WHAT YOU NEED TO DO:
In the copy, include no images. Reproduce the entries exactly.
*** MATERIAL SUPPLIED Section Begins ***
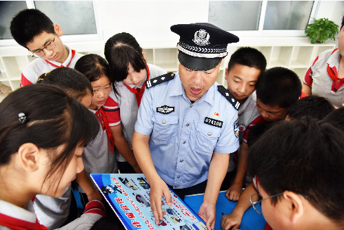 民警向?qū)W生講解反詐知識
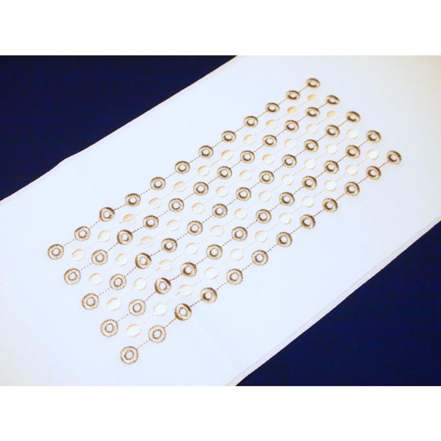 刺繍半衿「白色の地に薄紫色と薄ベージュ色の幾何学模様の刺繍」
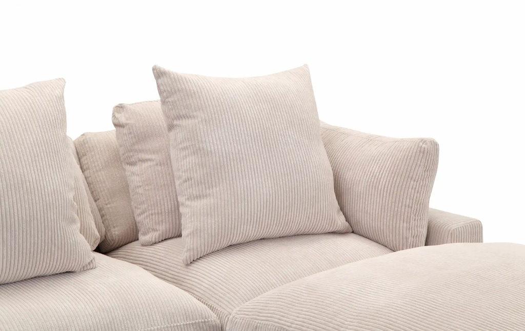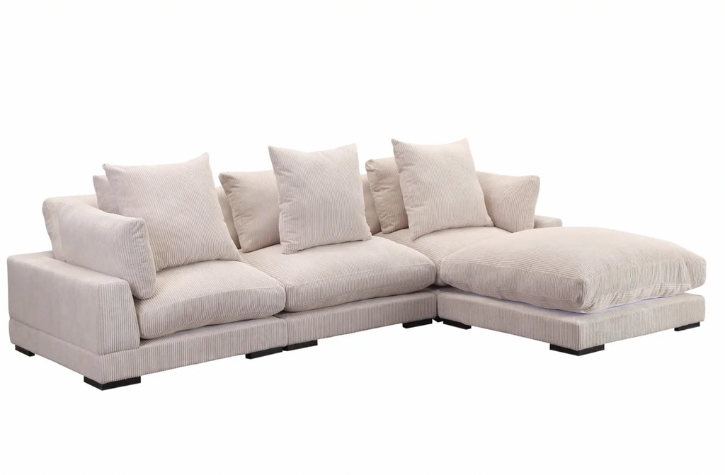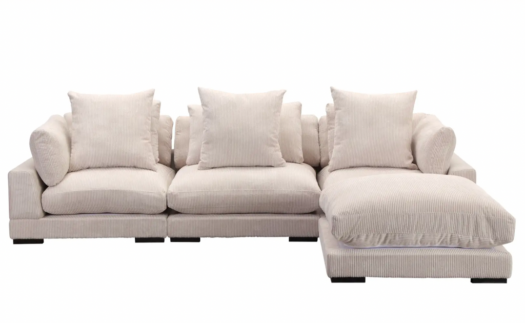 Tumble's corduroy naturally softens the sharp edges and hard lines of other accents like coffee and end tables with its inherent plushness. Framed in solid eucalyptus wood with extra, fully down-filled, removable back cushions, the Tumble Dream is modular perfection. This sectional’s soft corduroy will immediately add dimension, intrigue, lift, and comfort to any environment.
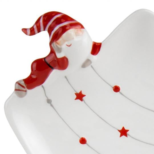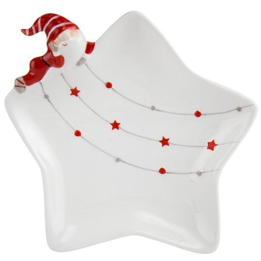 Блюдо виготовлене із кераміки у вигляді зірки, білого кольору із червоним Сантою та зірками.
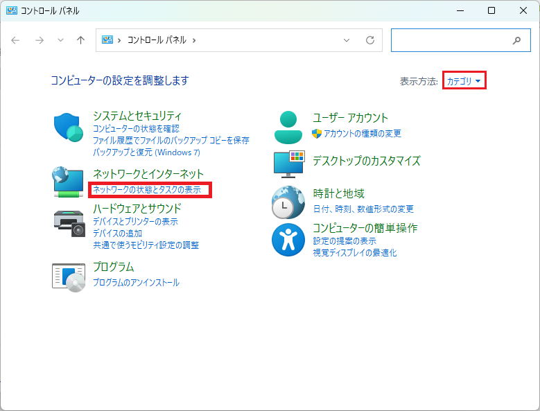 「 表示方法 」を「 カテゴリ 」にしておきます。「 ネットワークの状態とタスクの表示 」をクリックします。
*** MATERIAL SUPPLIED Section Ends ***
RESULT:
 民警向?qū)W生講解反詐知識
 刺繍半衿「白色の地に薄紫色と薄ベージュ色の幾何学模様の刺繍」
 Tumble's corduroy naturally softens the sharp edges and hard lines of other accents like coffee and end tables with its inherent plushness. Framed in solid eucalyptus wood with extra, fully down-filled, removable back cushions, the Tumble Dream is modular perfection. This sectional’s soft corduroy will immediately add dimension, intrigue, lift, and comfort to any environment.
 Блюдо виготовлене із кераміки у вигляді зірки, білого кольору із червоним Сантою та зірками.
 「 表示方法 」を「 カテゴリ 」にしておきます。「 ネットワークの状態とタスクの表示 」をクリックします。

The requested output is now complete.